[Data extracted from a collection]
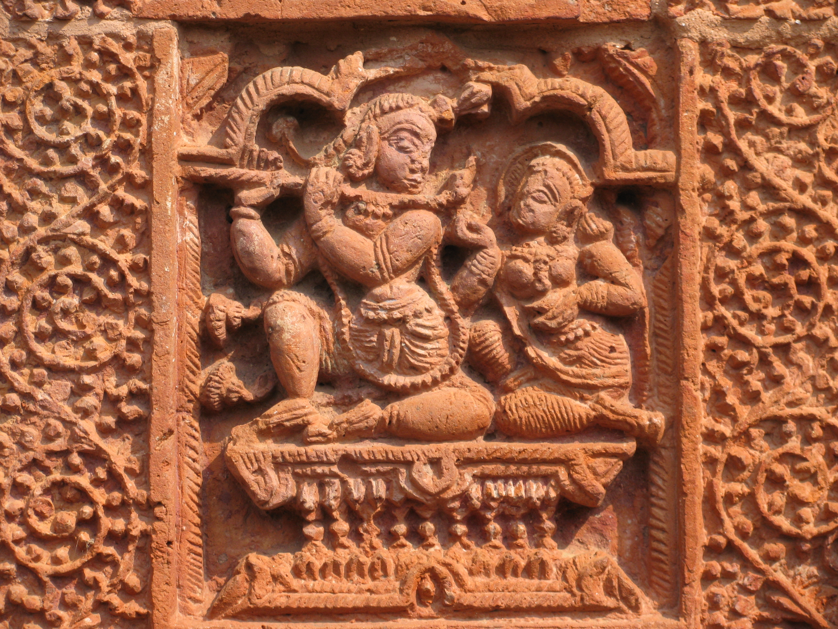 Group of temples known as Brindaban Chandra's Math
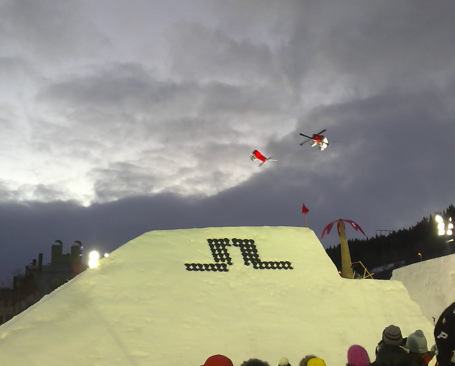 Jon Olsson's big air competition Jon Olsson Invitational in Åre, Jämtland, Sweden.
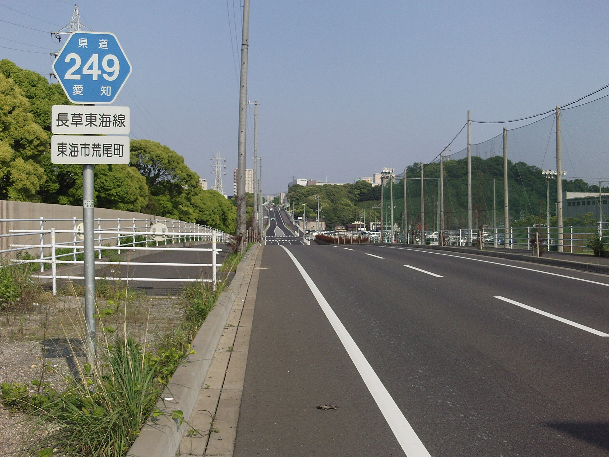 Aichi prefectural road No.249 in Araomachi, Tokai, Aichi.
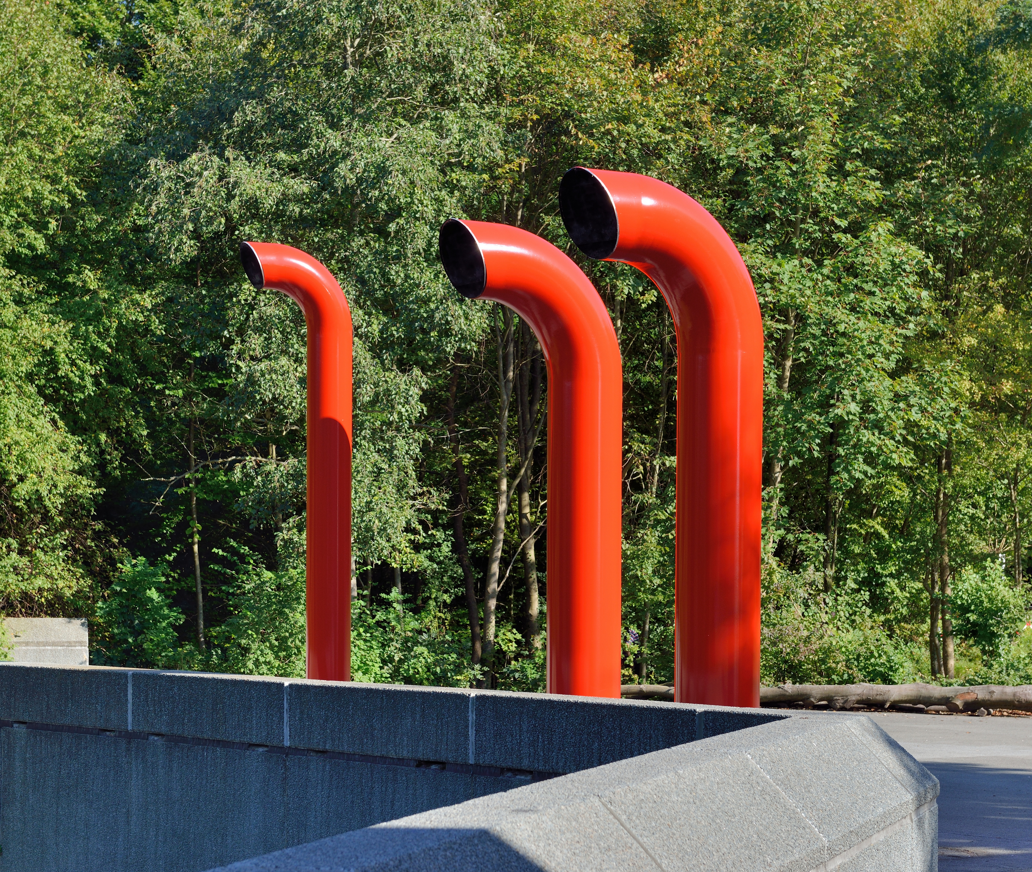 TV Tower St. Chrischona
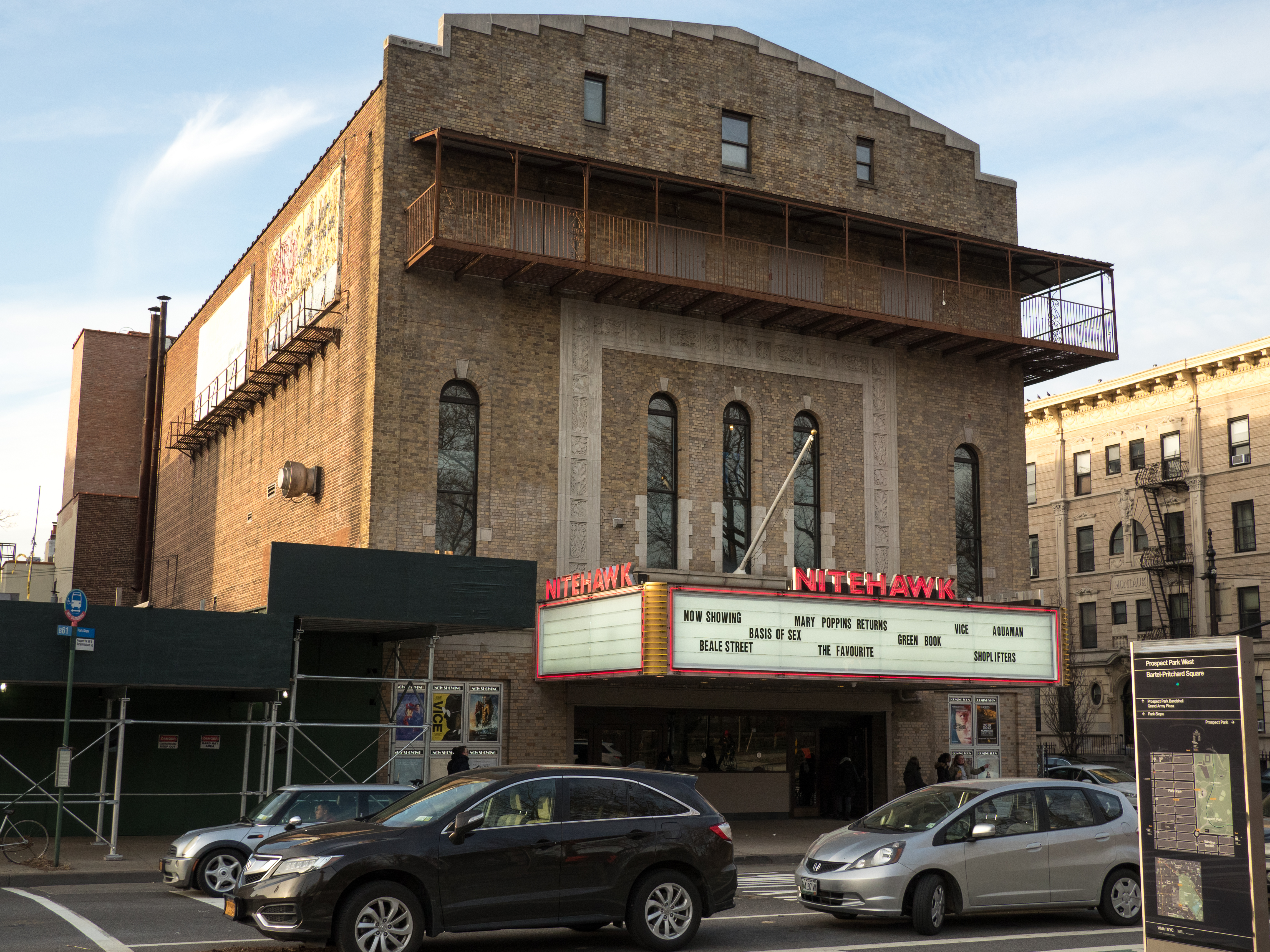 Nitehawk Theater near Prospect Park, Brooklyn
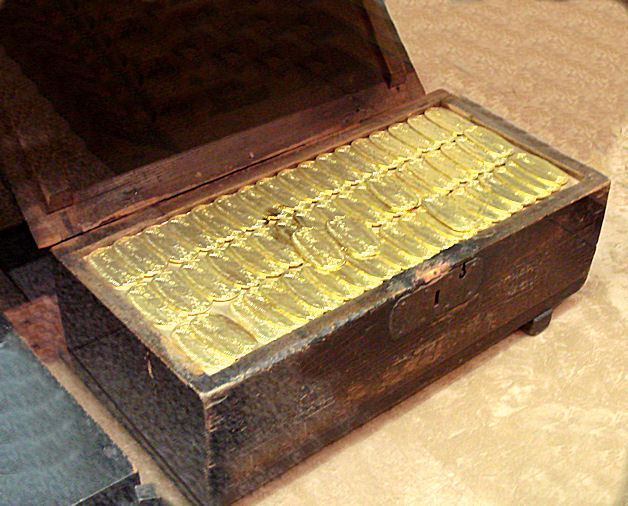 Japanese Senryobako
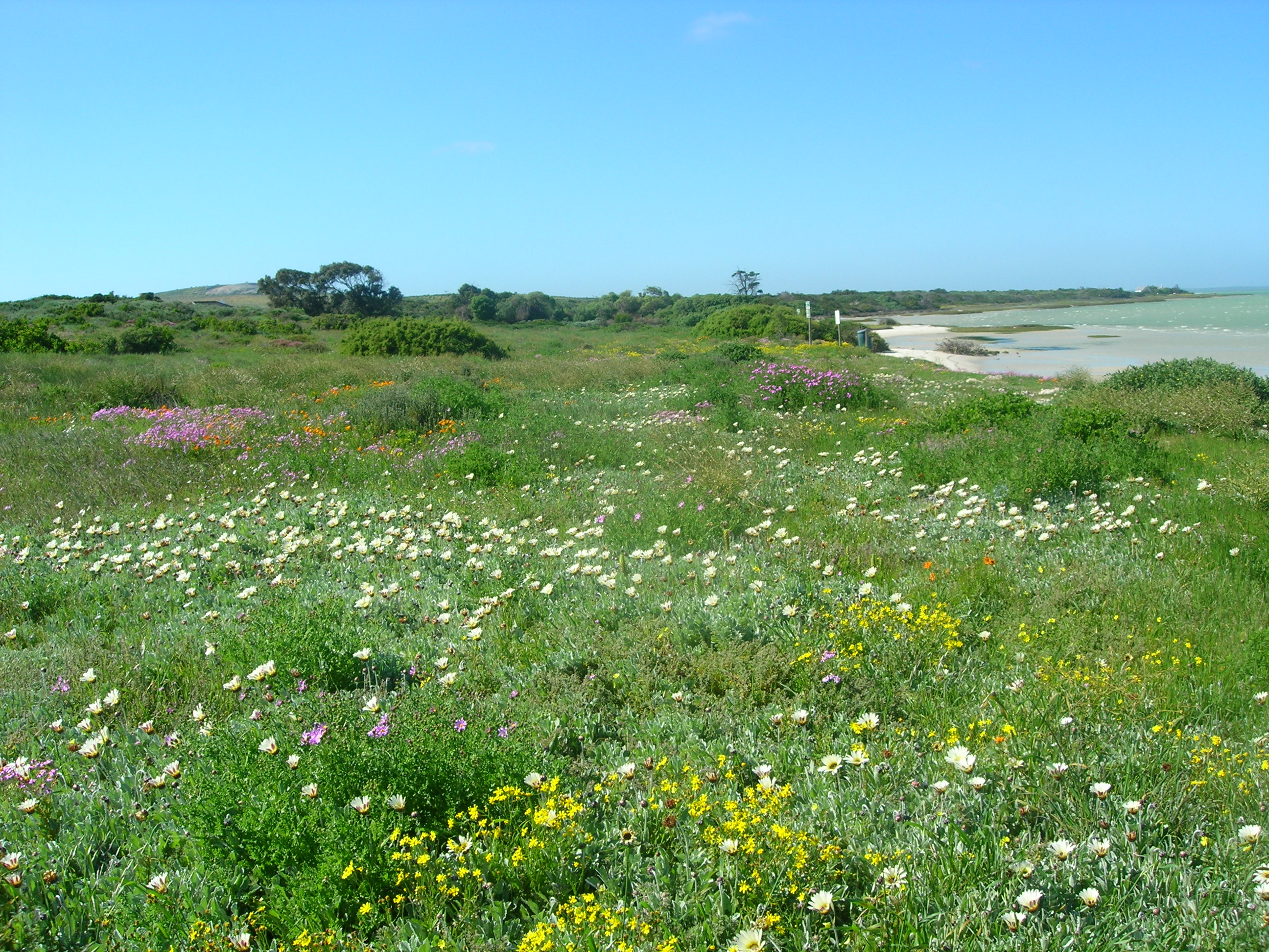 The Spring flowers in Namaqualand.This photo has been taken by Mr.Chen Hualin.

Problem to solve: Would you retype every line shown above exactly, leaving the pictures aside?

Response box:
 Group of temples known as Brindaban Chandra's Math
 Jon Olsson's big air competition Jon Olsson Invitational in Åre, Jämtland, Sweden.
 Aichi prefectural road No.249 in Araomachi, Tokai, Aichi.
 TV Tower St. Chrischona
 Nitehawk Theater near Prospect Park, Brooklyn
 Japanese Senryobako
 The Spring flowers in Namaqualand.This photo has been taken by Mr.Chen Hualin.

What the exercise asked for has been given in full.